Rack of Lamb with Spinach Feta Salad
Healthy, because
Even smarter
Nutritional values
In addition to plenty of protein, lamb scores with the fat burner L-carnitine. This vitamin-like substance transports free fatty acids into the cell interior, where they are burned.
You can also prepare the pesto with other herbs and nuts as you like. A combination of basil, sage and walnut kernels also goes well with the lamb.
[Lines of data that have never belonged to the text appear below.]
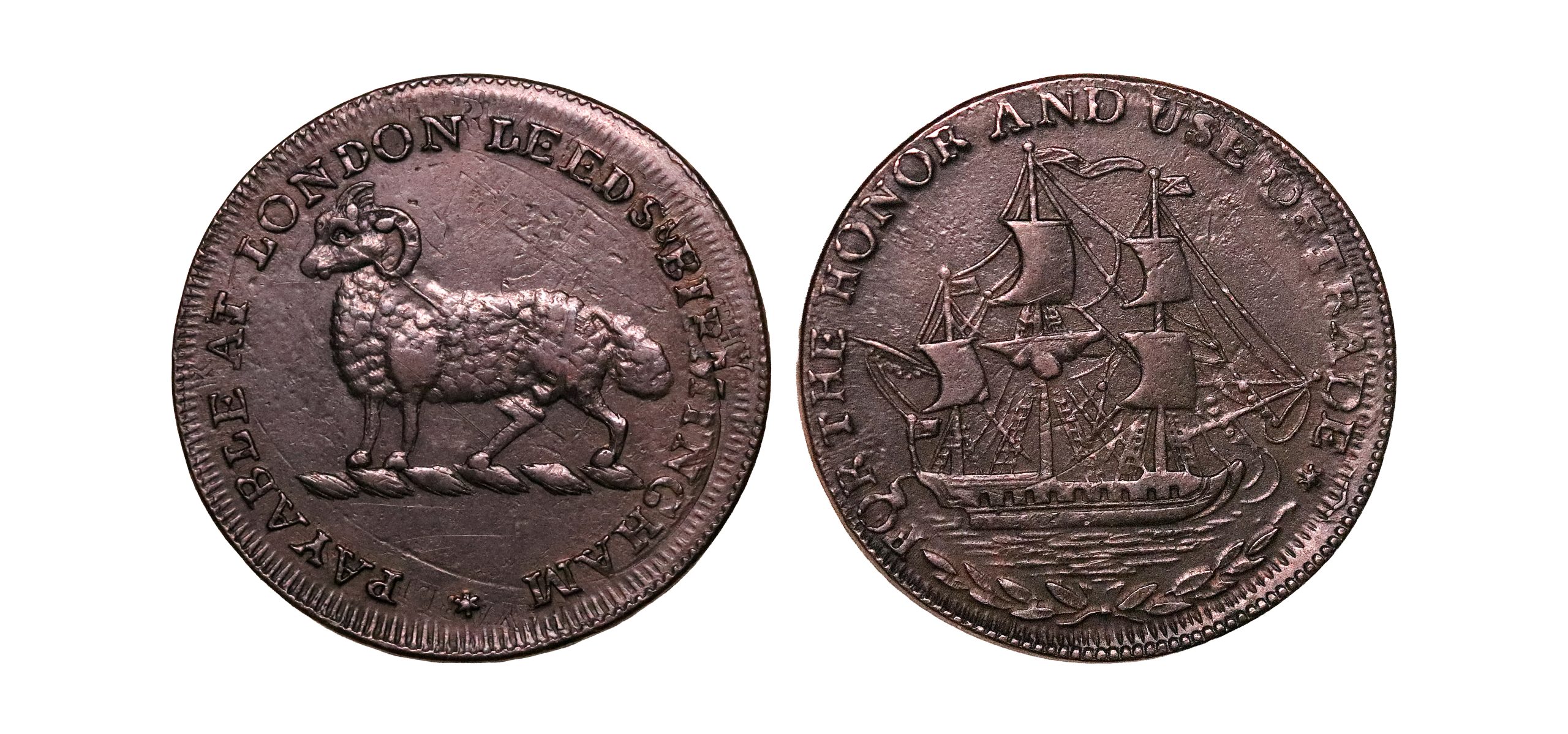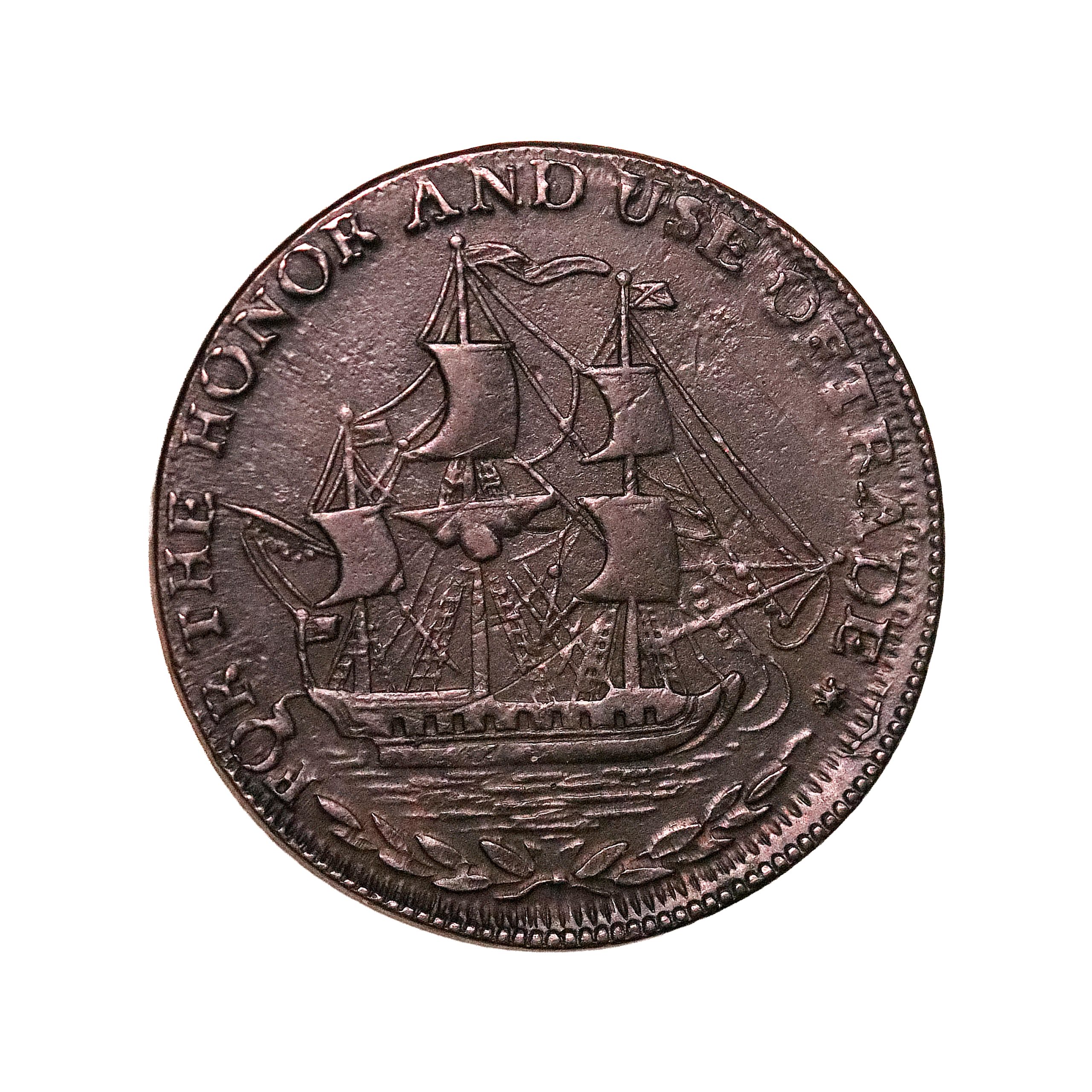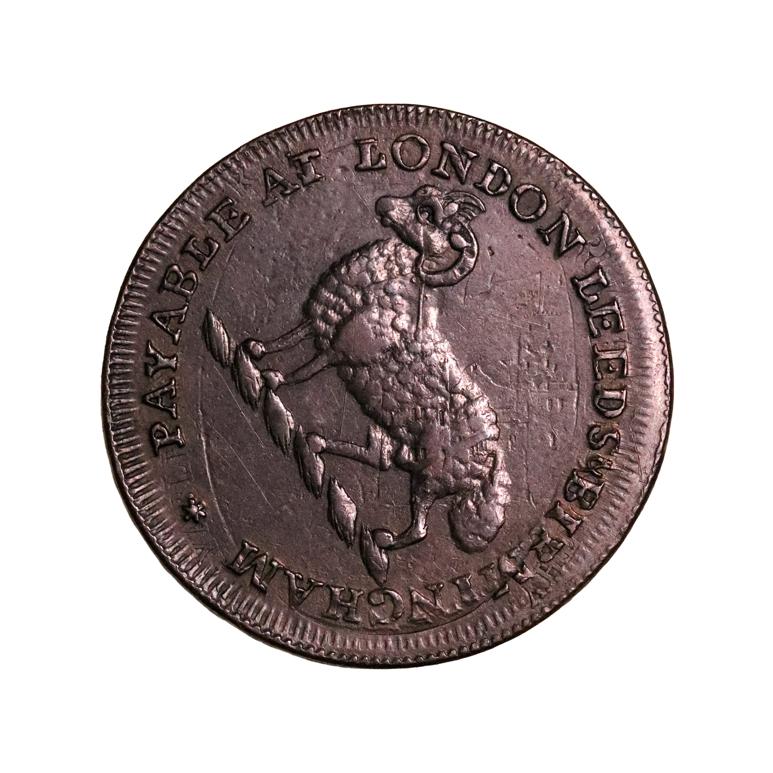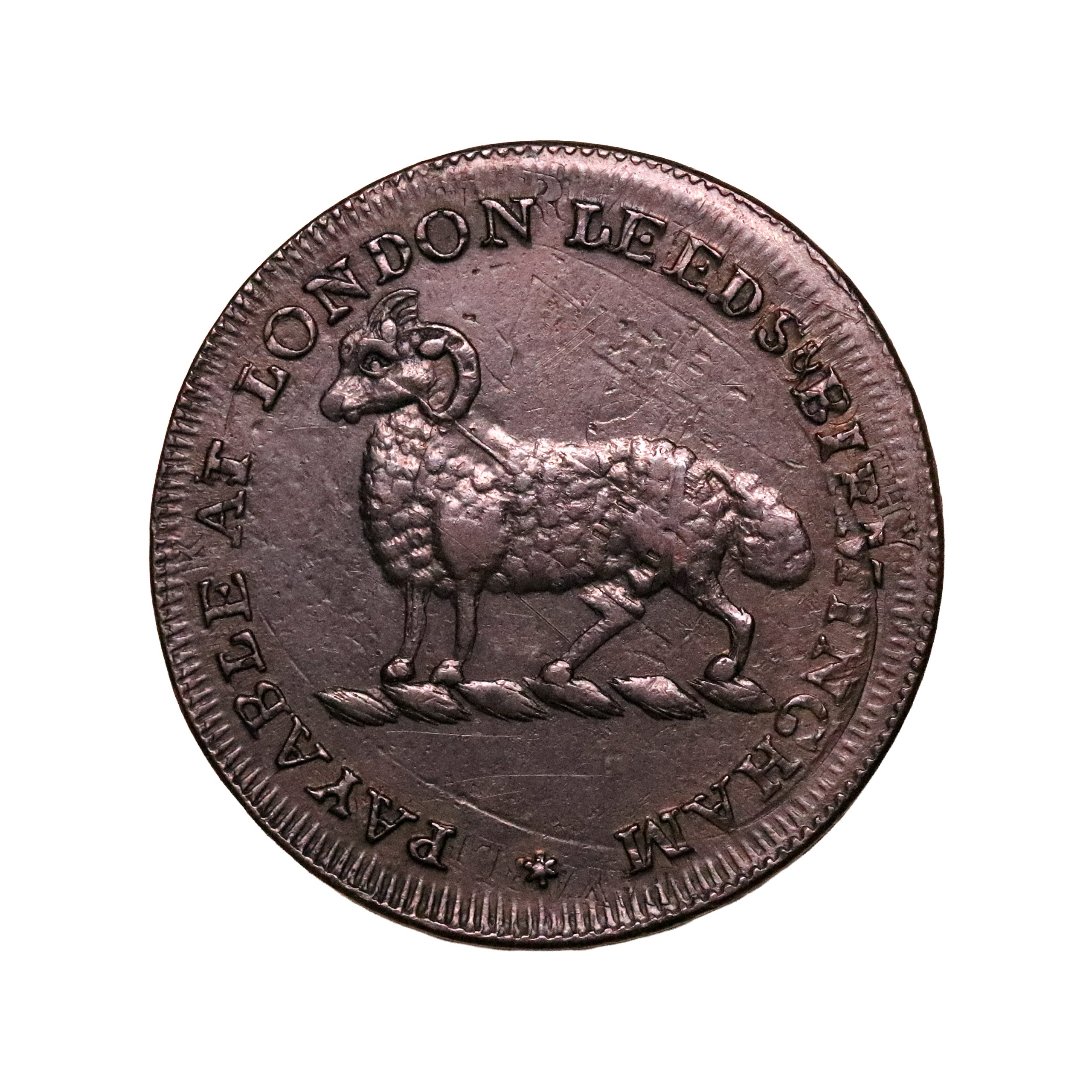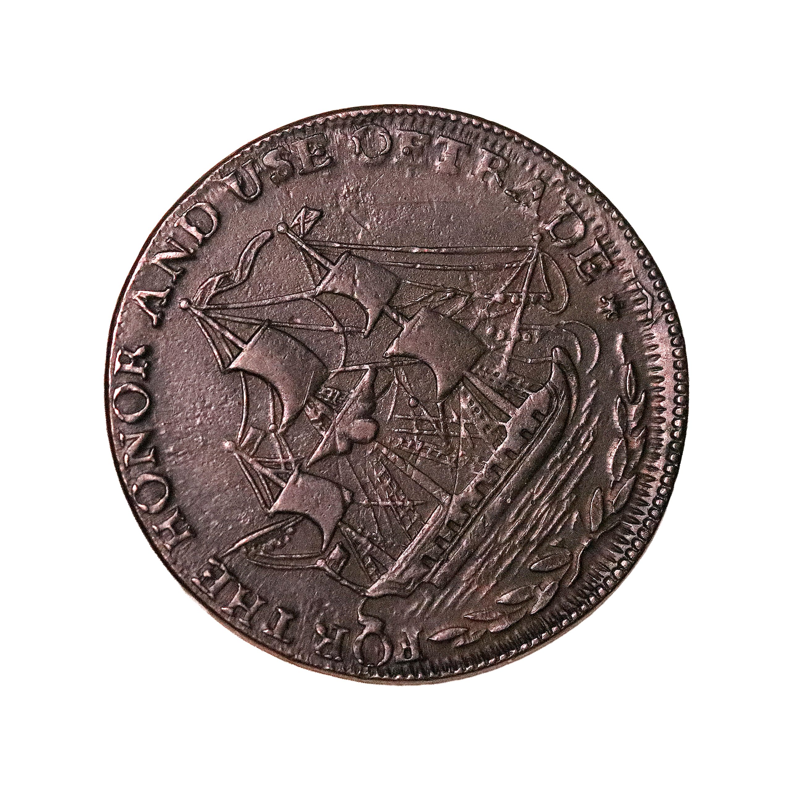 Middlesex, Miscellaneous, Issuer Uncertain; D&H 925, halfpenny struck in copper. London, Essex, and Norfolk variety. This, a very strong example of the overstrike, clearly showing in the fields, more so in the obverse since it has greater surface area. ENNISCORTHY can be clearly seen underneath LEEDS & BIRM. See last two photos for best zoom ability. Evenly patinated, very little handling and the best example we’ve handled. Good very fine for issue. Scarce.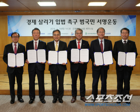 이와 관련, 은행연합회 등 6개 금융협회는 금융권을 대표하여 대한상공회의소 등 경제단체에서 전개하는 '경제살리기 입법 촉구 범국민 서명운동'에도 동참하기로 하고 서명하는 행사를 가졌다.
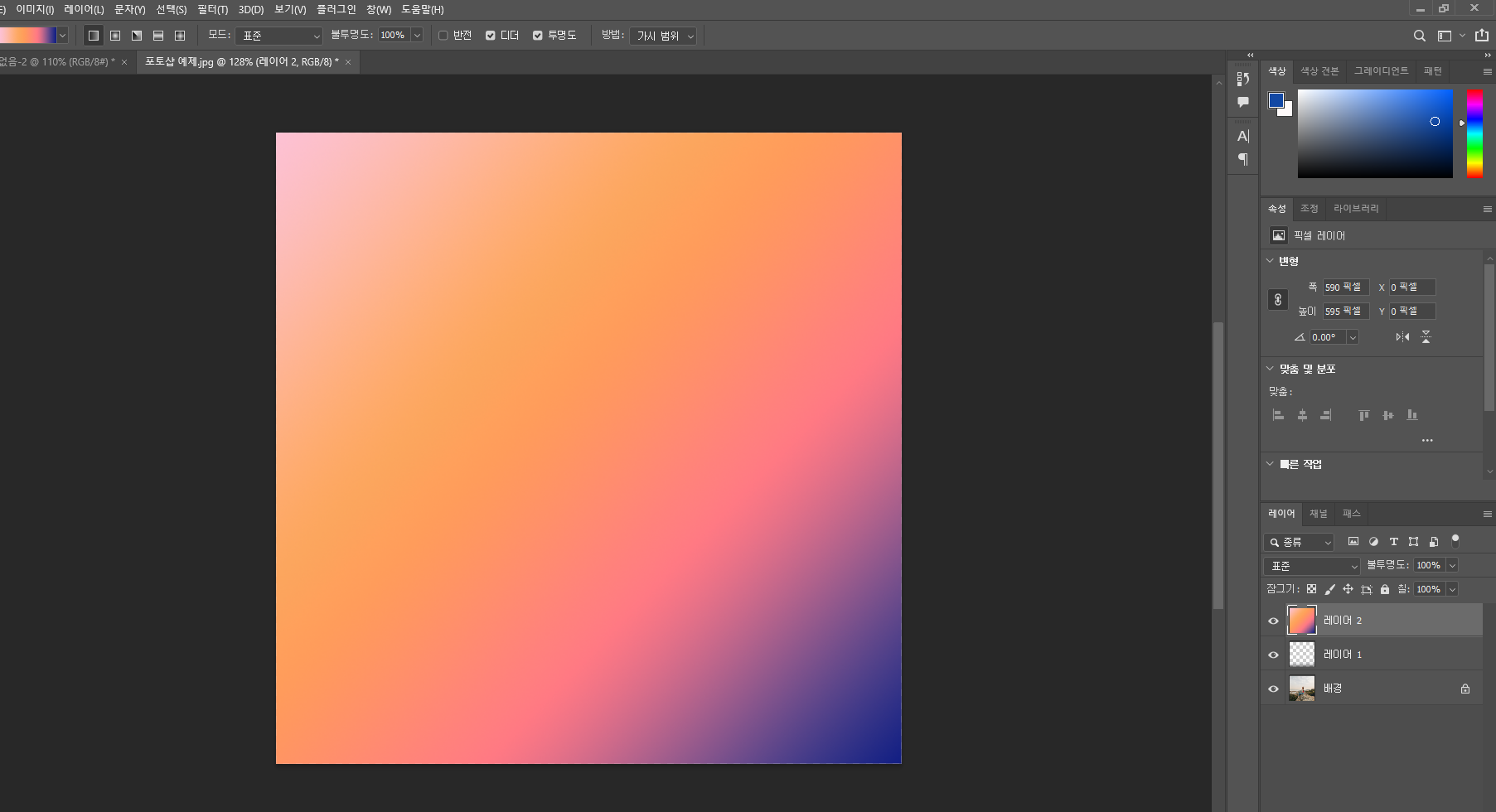 레이어 하나를 그라디언트로 색 넣어줌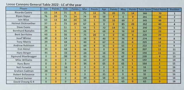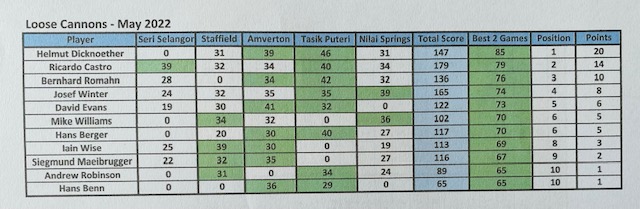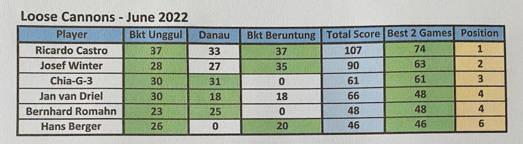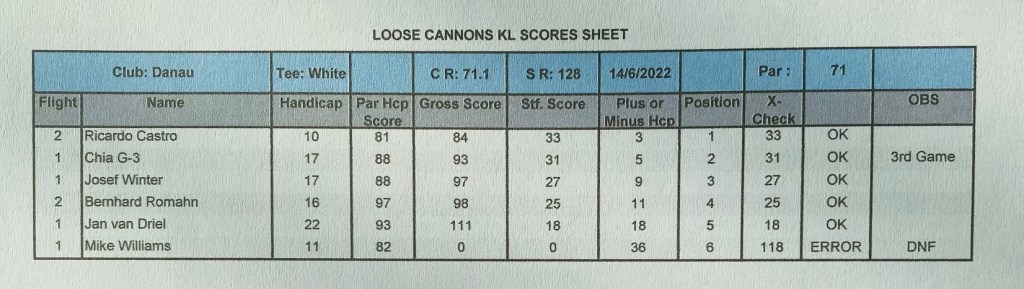 Today we teed off with only one flight. The LC members who decided not to come have missed something. The course was in a good condition and the weather was not too warm. Every now and then some wet patches on the fairways but that was not too bad, and the greens were very good and most of the time difficult to read. So an extra challenge. The winner today was Ricardo Castro with an excellent score of 81 gross with 37 points. The second was Josef Winter with a respectable 90 for 35 points followed by Hans and Jan. With these results the LCOTY standings Ricardo still leading with a comfortable 74 points followed now by Josef Winter with 63 points. Today we skipped our normal lunch due to some last-minute duties in KL. Next week we plan to play Staffield and we hope more Cannon’s can join and make better numbers for our last game of June. Stay safe and see you guys next week.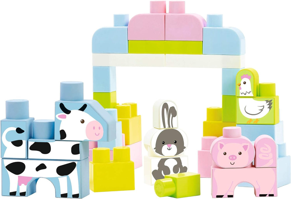 Ecoiffier – Abrick bunter Bauernhof – 50 grosse Bauklötze in Tierform, bunte XL-Bausteine in Box, fü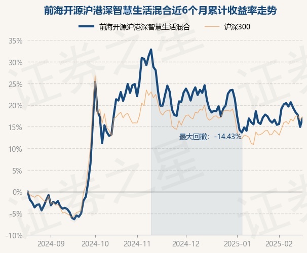 证券之星消息,2月19日,前海开源沪港深智慧生活混合最新单位净值为1.189元,累计净值为1.189元,较前一交易日上涨1.71%。历史数据显示该基金近1个月下跌0.17%,近3个月下跌4.42%,近6个月上涨16.91%,近1年上涨19.14%。该基金近6个月的累计收益率走势如下图: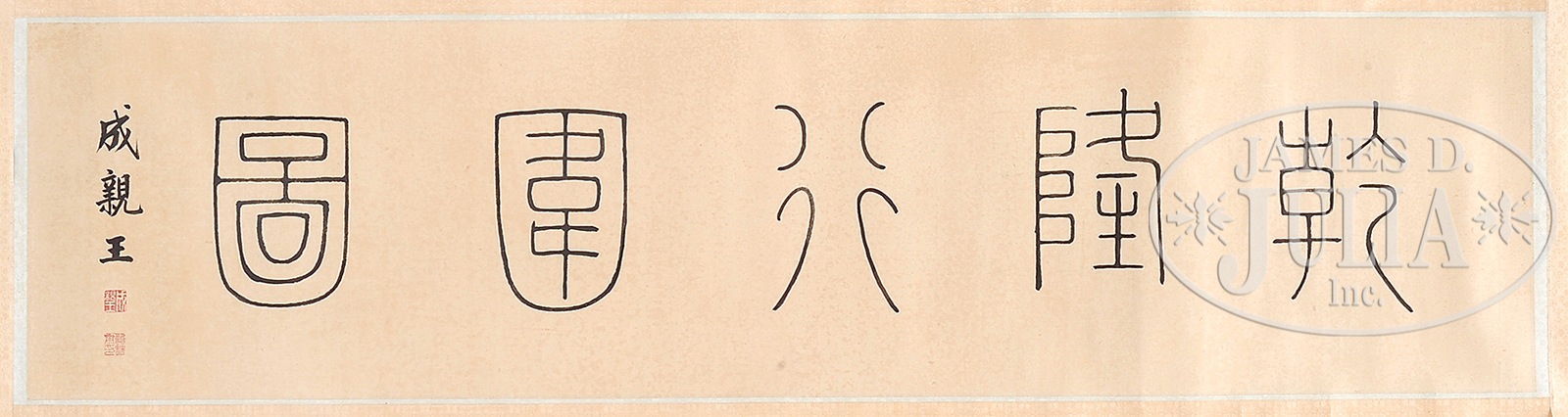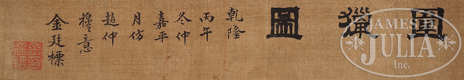 AFTER JIN TING BIAO (Chinese, 18th century) IMPERIAL HUNT SCENE.Ink and color on silk. Featuring the Qianlong emperor’s associates chasing wild game. SIZE: 12-1/2″ x 97-1/2″. CONDITION: Good with minor creases. 49873-4 (3,000-5,000) – Lot 3069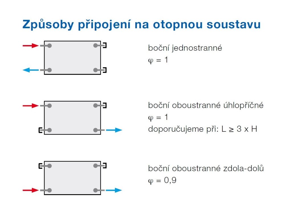Všechna otopná tělesa jsou vybavena odvzdušňovací zátkou a příslušným počtem zaslepovacích zátek. Všechny vývody u deskových otopných těles RADIK mají stejný průměr s vnitřním závitem G 1/2.

(Percentage of daily recommendation)
Calorie | 553 cal. | (26 %) | ||
Protein | 48 g | (49 %) | ||
Fat | 39 g | (34 %) | ||
Carbohydrates | 2 g | (1 %) | ||
Sugar added | 0 g | (0 %) | ||
Roughage | 1.6 g | (5 %) |
Vitamin A | 0.4 mg | (50 %) | ||
Vitamin D | 0 μg | (0 %) | ||
Vitamin E | 6.1 mg | (51 %) | ||
Vitamin K | 131 μg | (218 %) | ||
Vitamin B₁ | 0.3 mg | (30 %) | ||
Vitamin B₂ | 0.6 mg | (55 %) | ||
Niacin | 21.9 mg | (183 %) | ||
Vitamin B₆ | 0.4 mg | (29 %) | ||
Folate | 97 μg | (32 %) | ||
Pantothenic acid | 1.2 mg | (20 %) | ||
Biotin | 8.7 μg | (19 %) | ||
Vitamin B₁₂ | 3.7 μg | (123 %) | ||
Vitamin C | 21 mg | (22 %) | ||
Potassium | 744 mg | (19 %) | ||
Calcium | 145 mg | (15 %) | ||
Magnesium | 92 mg | (31 %) | ||
Iron | 5.4 mg | (36 %) | ||
Iodine | 24 μg | (12 %) | ||
Zinc | 7.2 mg | (90 %) | ||
Saturated fatty acids | 11 g | |||
Uric acid | 318 mg | |||
Cholesterol | 162 mg |
Ingredients
- Ingredients
- 22 ozs Lamb fillet (4 pieces)
- salt
- peppers
- ½ oz clarified butter (1 TBSP.)
- 2 garlic cloves
- 2 sprigs thyme
- 1 ½ ozs parsley (1 bunch)
- 3 Tbsps olive oil
- 1 ¾ ozs Vegetable broth
- 3 Tbsps roasted hazelnut kernels
- 1 tsp lemon juice
- 2 ozs Baby spinach
- 3 ½ ozs Feta
Preparation steps
Rinse meat, pat dry, and season with salt and pepper. Heat clarified butter in a frying pan. Sear meat on each side for 2 minutes over medium heat. Press garlic with hand, wash thyme, shake dry, add both to lamb and sauté for 1 minute. Remove meat from heat and let rest.
In the meantime, for the pesto, wash parsley, shake dry, pluck leaves and coarsely puree with olive oil and vegetable broth. Add hazelnuts and also coarsely puree. Season the pesto with salt, pepper and lemon juice.
Wash spinach and shake dry. Crumble the feta. Arrange spinach on plates and sprinkle with feta. Cut meat into slices, place next to the salad, and top with drizzled pesto.